━━━━━ MATERIAL SHOWN

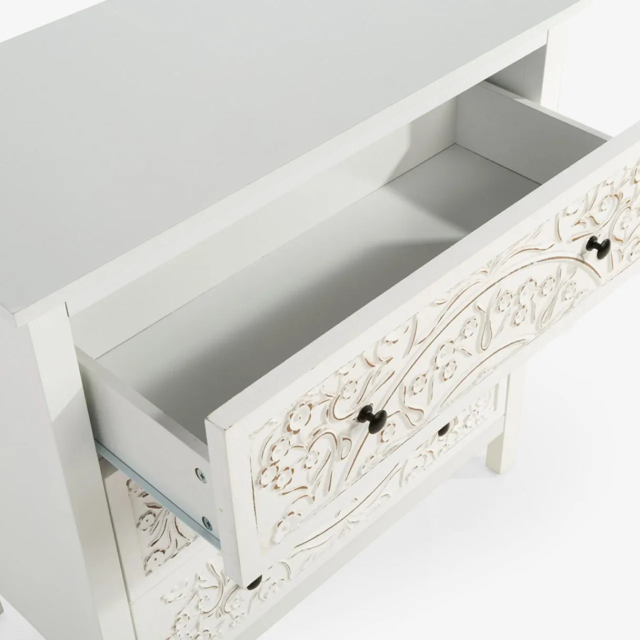 Meble z mini kolekcji FINESELLO wyróżniają niespotykane fronty ozdobione ornamentem – trójwymiarowy dekor uzupełnia nieregularne, dające efekt postarzenia żłobienie. Meble przyciągną spojrzenia i będą stanowić piękną ozdobę w sypialni.
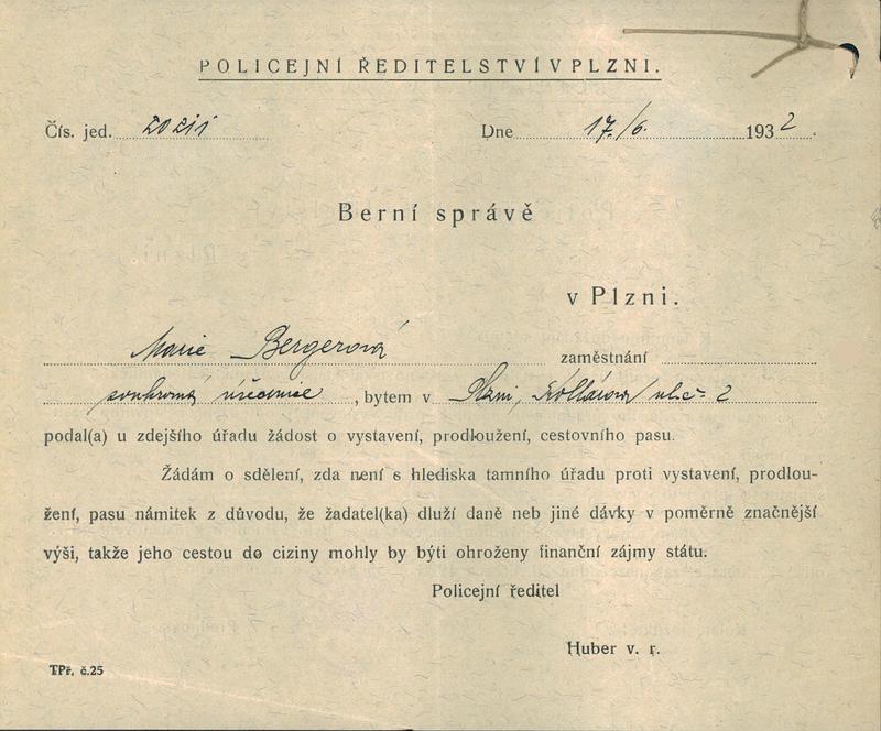 For publication purposes, contact the State Regional Archives in Pilsen, where the original document is located. The document was digitized by the Terezín Initiative Institute, the Terezín Album project.
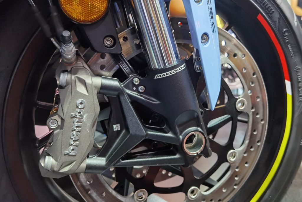 Pakej brek juga tampil premium dengan Brembo master-cylinder dipadankan bersama kaliper brek 4-pot berkembar Brembo M4 di depan dan kaliper brek 2-pot Brembo di belakang. Sistem brek juga menampilkan ABS dwi-saluran bersama cakera brek 320mm depan dan 260mm belakang.
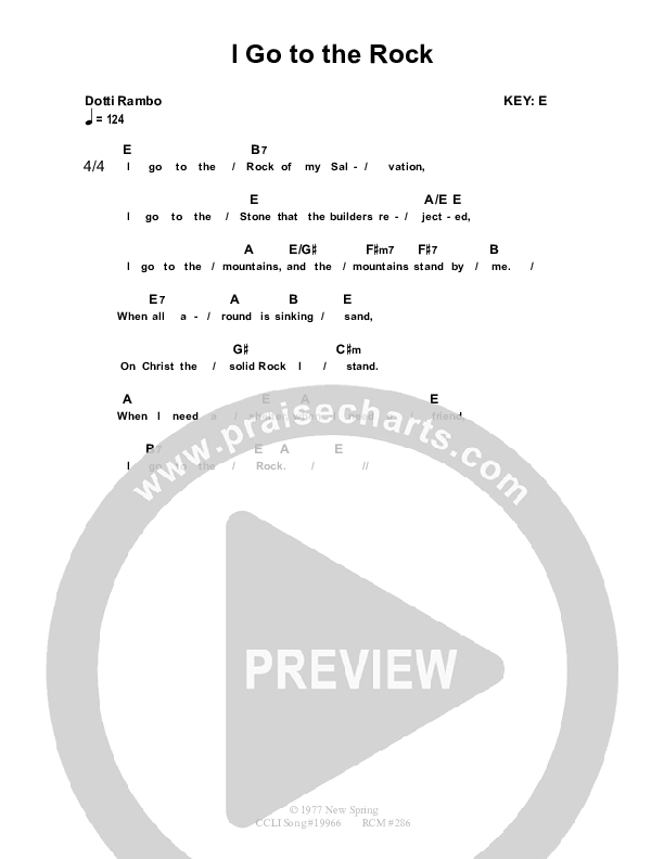 Download the PDF Chord Charts for I Go To The Rock by Dennis Prince / Nolene Prince, from the album Resource Christian Music.
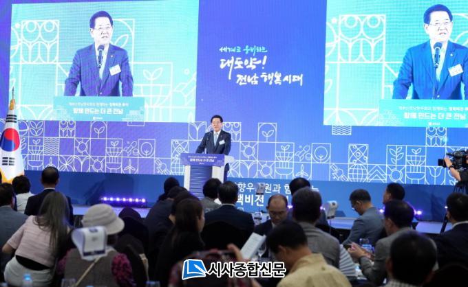 Á¤Ã¥ºñÀü Åõ¾î´Â Àü³²µµ°¡ ¹Î¼± 8±â ¹ÝȯÁ¡À» ¸Â¾Æ ¸Å³â ½Ã±ºÀ» ¹æ¹®ÇØ µµÁ¤ ¼º°ú¿Í ºñÀüÀ» µµ¹Î¿¡°Ô º¸°íÇϰí ÇöÀå ¾Ö·Î»çÇ×À» ûÃëÇÏ´ø ¡®µµ¹Î°úÀÇ ´ëÈ¡¯¸¦ »õ·Ó°Ô È®´ë¡¤°³ÆíÇÑ °ÍÀ¸·Î, ¡®ÇÔ²² ¸¸µå´Â ´õ Å« Àü³²¡¯À̶ó´Â ½½·Î°ÇÀ¸·Î ÁøÇà ÁßÀÌ´Ù. ¾Õ¼ Áö³ 14ÀÏ¿¡´Â ¼¿ï¿¡¼ ±¤ÁÖÀü³²½Ãµµ¹Îȸ Çâ¿ì 300¿© ¸í°ú µµ³ó ±³·ù Ȱ¼ºÈ »ç¾÷, ³óÃÌ Àα¸ °í·ÉÈ ÇØ¼Ò ¹æ¾È µî ´Ù¾çÇÑ Áö¿ª Çö¾È¿¡ ´ëÇØ ³íÀÇÇß´Ù.
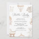 Surpreenda seus entes queridos com este convite elegante, com roupas de bebê boho e detalhes editáveis. Personalize-o facilmente clicando na opção "personalizar".
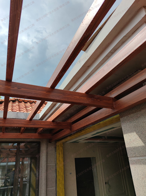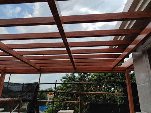 东莞锦锈江南别墅镀锌管葡萄架木纹漆

━━━━━━━━━━

§ ASSIGNED TASK: Reproduce every record verbatim, please. Omit the images.

§ RESULT:
 Meble z mini kolekcji FINESELLO wyróżniają niespotykane fronty ozdobione ornamentem – trójwymiarowy dekor uzupełnia nieregularne, dające efekt postarzenia żłobienie. Meble przyciągną spojrzenia i będą stanowić piękną ozdobę w sypialni.
 For publication purposes, contact the State Regional Archives in Pilsen, where the original document is located. The document was digitized by the Terezín Initiative Institute, the Terezín Album project.
 Pakej brek juga tampil premium dengan Brembo master-cylinder dipadankan bersama kaliper brek 4-pot berkembar Brembo M4 di depan dan kaliper brek 2-pot Brembo di belakang. Sistem brek juga menampilkan ABS dwi-saluran bersama cakera brek 320mm depan dan 260mm belakang.
 Download the PDF Chord Charts for I Go To The Rock by Dennis Prince / Nolene Prince, from the album Resource Christian Music.
 Á¤Ã¥ºñÀü Åõ¾î´Â Àü³²µµ°¡ ¹Î¼± 8±â ¹ÝȯÁ¡À» ¸Â¾Æ ¸Å³â ½Ã±ºÀ» ¹æ¹®ÇØ µµÁ¤ ¼º°ú¿Í ºñÀüÀ» µµ¹Î¿¡°Ô º¸°íÇϰí ÇöÀå ¾Ö·Î»çÇ×À» ûÃëÇÏ´ø ¡®µµ¹Î°úÀÇ ´ëÈ¡¯¸¦ »õ·Ó°Ô È®´ë¡¤°³ÆíÇÑ °ÍÀ¸·Î, ¡®ÇÔ²² ¸¸µå´Â ´õ Å« Àü³²¡¯À̶ó´Â ½½·Î°ÇÀ¸·Î ÁøÇà ÁßÀÌ´Ù. ¾Õ¼ Áö³ 14ÀÏ¿¡´Â ¼¿ï¿¡¼ ±¤ÁÖÀü³²½Ãµµ¹Îȸ Çâ¿ì 300¿© ¸í°ú µµ³ó ±³·ù Ȱ¼ºÈ »ç¾÷, ³óÃÌ Àα¸ °í·ÉÈ ÇØ¼Ò ¹æ¾È µî ´Ù¾çÇÑ Áö¿ª Çö¾È¿¡ ´ëÇØ ³íÀÇÇß´Ù.
 Surpreenda seus entes queridos com este convite elegante, com roupas de bebê boho e detalhes editáveis. Personalize-o facilmente clicando na opção "personalizar".
 东莞锦锈江南别墅镀锌管葡萄架木纹漆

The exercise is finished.